Would you write out the full listing exactly, without any pictures?

━━━━━━━━━━━━━━━━

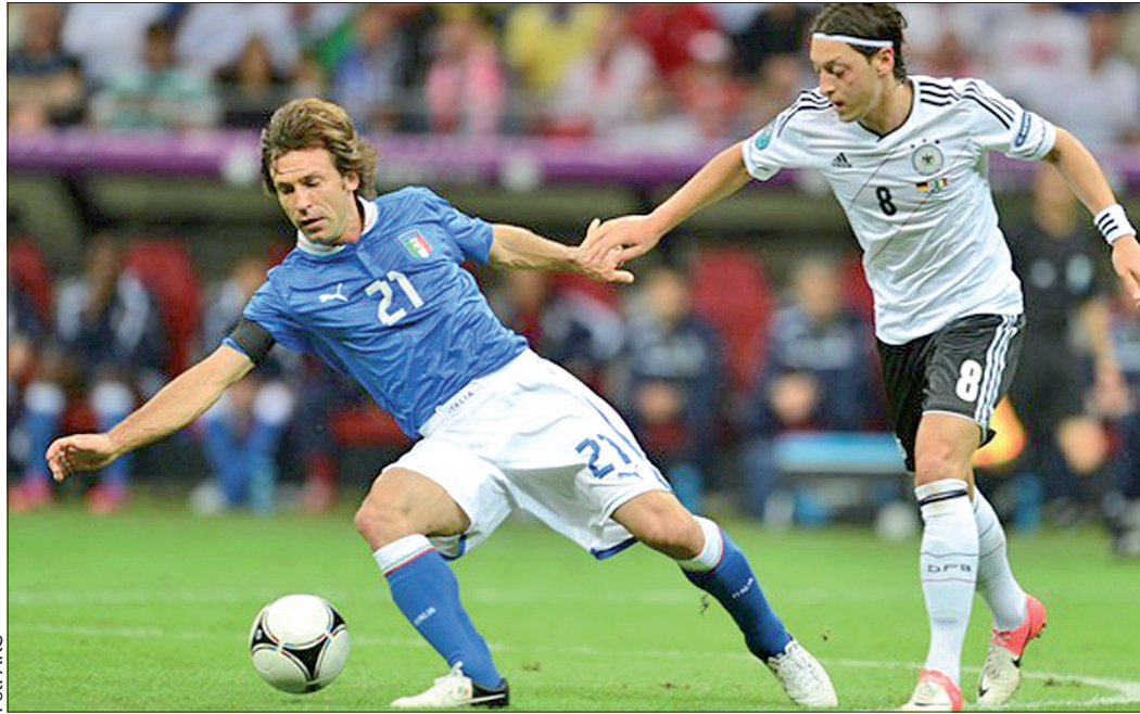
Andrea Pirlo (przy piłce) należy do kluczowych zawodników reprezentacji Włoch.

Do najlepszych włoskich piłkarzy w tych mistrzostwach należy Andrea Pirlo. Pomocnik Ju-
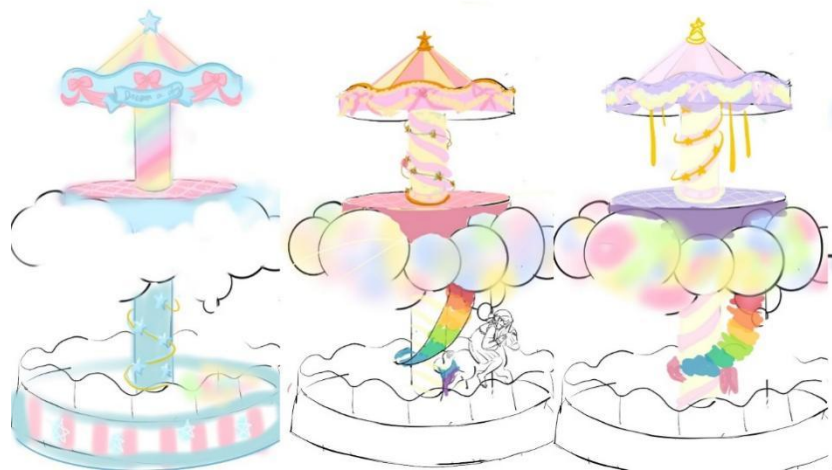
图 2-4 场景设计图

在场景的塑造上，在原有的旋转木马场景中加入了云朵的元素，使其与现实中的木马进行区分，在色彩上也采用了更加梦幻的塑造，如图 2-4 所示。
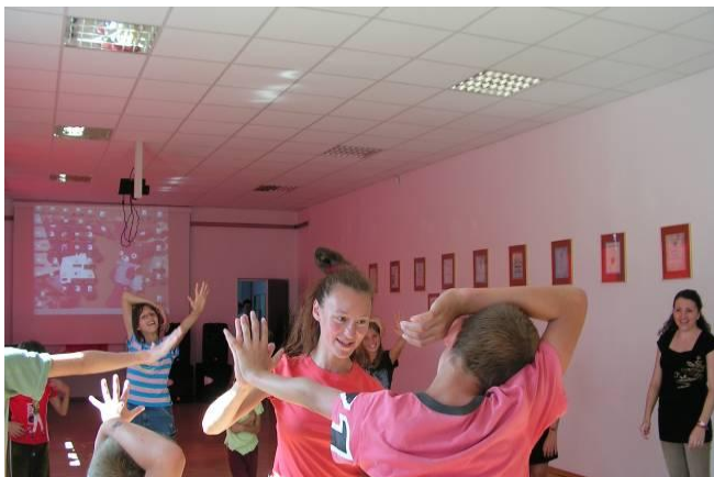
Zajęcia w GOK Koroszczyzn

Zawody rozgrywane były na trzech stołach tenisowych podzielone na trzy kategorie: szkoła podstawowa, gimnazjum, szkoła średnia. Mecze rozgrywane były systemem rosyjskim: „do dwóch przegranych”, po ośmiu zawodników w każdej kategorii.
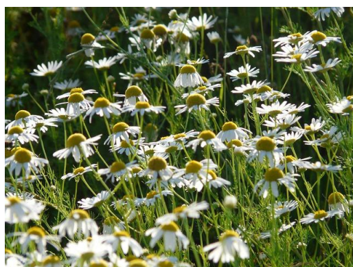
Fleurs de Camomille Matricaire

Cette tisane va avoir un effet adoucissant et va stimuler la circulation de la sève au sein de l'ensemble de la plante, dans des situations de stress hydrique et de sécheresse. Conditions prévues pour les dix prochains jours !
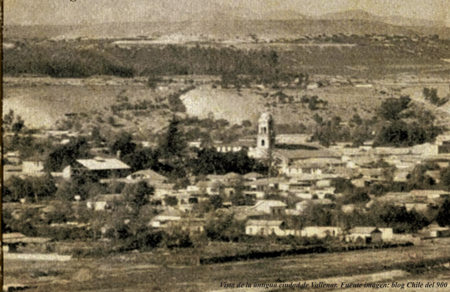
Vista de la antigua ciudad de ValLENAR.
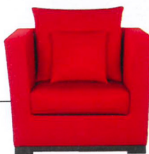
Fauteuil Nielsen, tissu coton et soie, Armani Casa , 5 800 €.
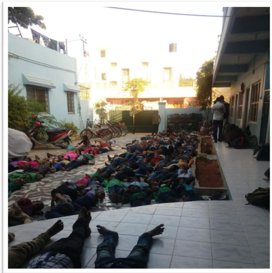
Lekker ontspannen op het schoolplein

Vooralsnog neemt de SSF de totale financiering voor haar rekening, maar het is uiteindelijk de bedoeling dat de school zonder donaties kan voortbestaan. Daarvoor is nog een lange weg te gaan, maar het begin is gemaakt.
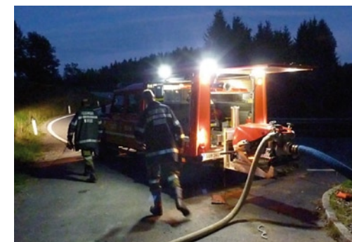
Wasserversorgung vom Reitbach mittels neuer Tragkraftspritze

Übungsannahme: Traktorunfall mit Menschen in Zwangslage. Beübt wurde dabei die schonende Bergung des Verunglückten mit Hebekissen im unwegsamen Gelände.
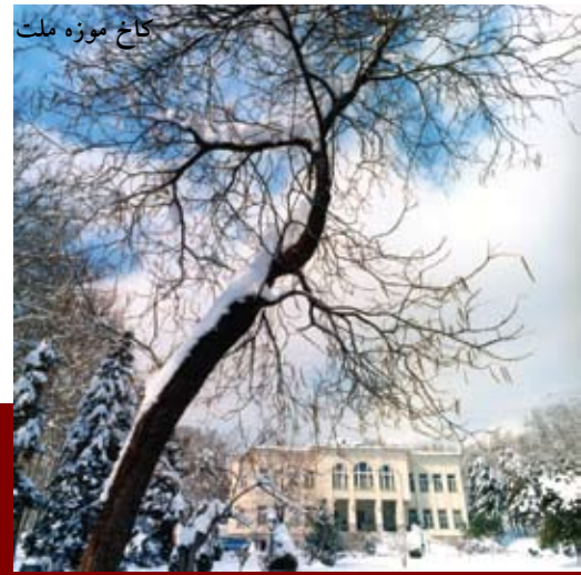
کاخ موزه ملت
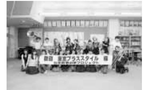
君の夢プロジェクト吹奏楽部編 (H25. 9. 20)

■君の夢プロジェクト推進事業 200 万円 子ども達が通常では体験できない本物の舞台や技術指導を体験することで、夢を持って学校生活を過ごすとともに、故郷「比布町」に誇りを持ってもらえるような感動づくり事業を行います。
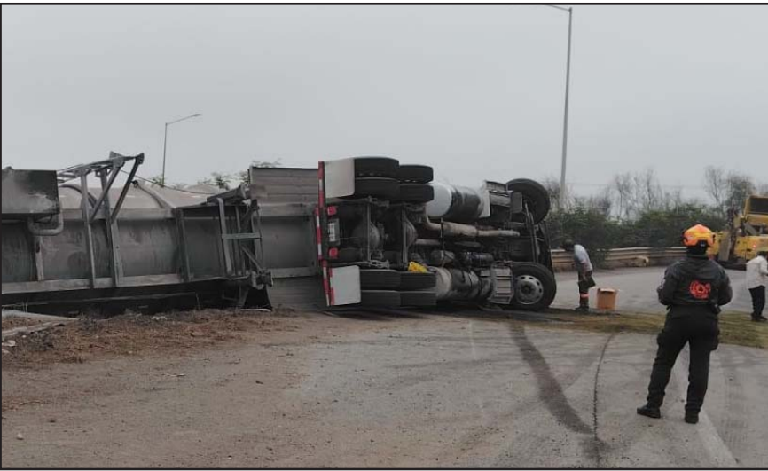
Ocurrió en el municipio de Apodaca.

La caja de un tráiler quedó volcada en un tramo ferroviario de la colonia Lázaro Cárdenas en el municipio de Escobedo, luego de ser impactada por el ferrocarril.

━━━━━━━━━━━━━━━━

Response ->
Andrea Pirlo (przy piłce) należy do kluczowych zawodników reprezentacji Włoch.

Do najlepszych włoskich piłkarzy w tych mistrzostwach należy Andrea Pirlo. Pomocnik Ju-
图 2-4 场景设计图

在场景的塑造上，在原有的旋转木马场景中加入了云朵的元素，使其与现实中的木马进行区分，在色彩上也采用了更加梦幻的塑造，如图 2-4 所示。
Zajęcia w GOK Koroszczyzn

Zawody rozgrywane były na trzech stołach tenisowych podzielone na trzy kategorie: szkoła podstawowa, gimnazjum, szkoła średnia. Mecze rozgrywane były systemem rosyjskim: „do dwóch przegranych”, po ośmiu zawodników w każdej kategorii.
Fleurs de Camomille Matricaire

Cette tisane va avoir un effet adoucissant et va stimuler la circulation de la sève au sein de l'ensemble de la plante, dans des situations de stress hydrique et de sécheresse. Conditions prévues pour les dix prochains jours !
Vista de la antigua ciudad de ValLENAR.
Fauteuil Nielsen, tissu coton et soie, Armani Casa , 5 800 €.
Lekker ontspannen op het schoolplein

Vooralsnog neemt de SSF de totale financiering voor haar rekening, maar het is uiteindelijk de bedoeling dat de school zonder donaties kan voortbestaan. Daarvoor is nog een lange weg te gaan, maar het begin is gemaakt.
Wasserversorgung vom Reitbach mittels neuer Tragkraftspritze

Übungsannahme: Traktorunfall mit Menschen in Zwangslage. Beübt wurde dabei die schonende Bergung des Verunglückten mit Hebekissen im unwegsamen Gelände.
کاخ موزه ملت
君の夢プロジェクト吹奏楽部編 (H25. 9. 20)

■君の夢プロジェクト推進事業 200 万円 子ども達が通常では体験できない本物の舞台や技術指導を体験することで、夢を持って学校生活を過ごすとともに、故郷「比布町」に誇りを持ってもらえるような感動づくり事業を行います。
Ocurrió en el municipio de Apodaca.

La caja de un tráiler quedó volcada en un tramo ferroviario de la colonia Lázaro Cárdenas en el municipio de Escobedo, luego de ser impactada por el ferrocarril.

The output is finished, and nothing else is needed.